** Provided material follows **

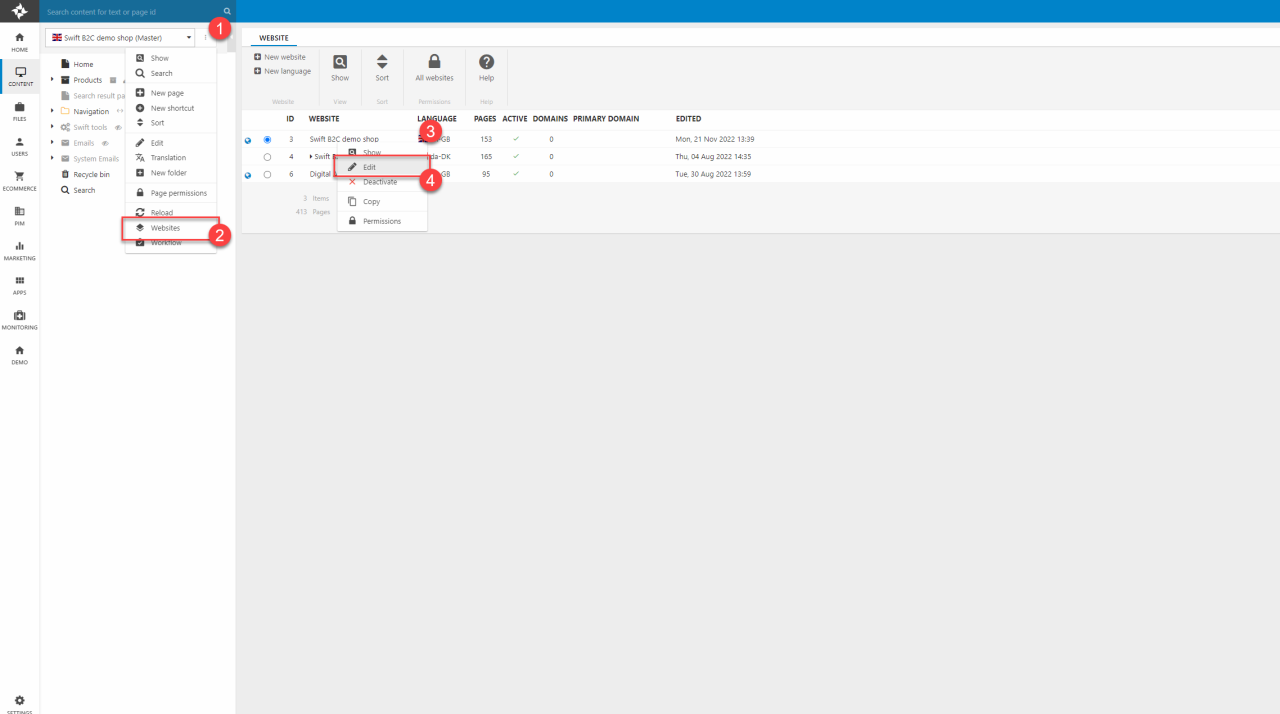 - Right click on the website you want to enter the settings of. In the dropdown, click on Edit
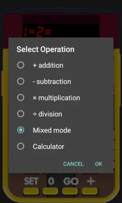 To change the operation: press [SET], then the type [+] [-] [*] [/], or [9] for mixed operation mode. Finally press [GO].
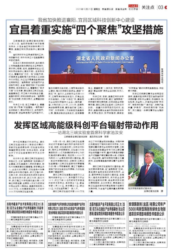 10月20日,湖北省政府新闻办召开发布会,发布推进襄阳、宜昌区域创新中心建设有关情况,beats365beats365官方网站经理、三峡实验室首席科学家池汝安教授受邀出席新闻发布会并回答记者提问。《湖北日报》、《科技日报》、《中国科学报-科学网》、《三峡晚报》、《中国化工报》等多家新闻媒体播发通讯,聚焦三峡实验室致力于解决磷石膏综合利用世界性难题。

** End of Provided material **

→ Exercise: Without including any picture, set down every line above exactly as it stands.

→ Response to this exercise:
 - Right click on the website you want to enter the settings of. In the dropdown, click on Edit
 To change the operation: press [SET], then the type [+] [-] [*] [/], or [9] for mixed operation mode. Finally press [GO].
 10月20日,湖北省政府新闻办召开发布会,发布推进襄阳、宜昌区域创新中心建设有关情况,beats365beats365官方网站经理、三峡实验室首席科学家池汝安教授受邀出席新闻发布会并回答记者提问。《湖北日报》、《科技日报》、《中国科学报-科学网》、《三峡晚报》、《中国化工报》等多家新闻媒体播发通讯,聚焦三峡实验室致力于解决磷石膏综合利用世界性难题。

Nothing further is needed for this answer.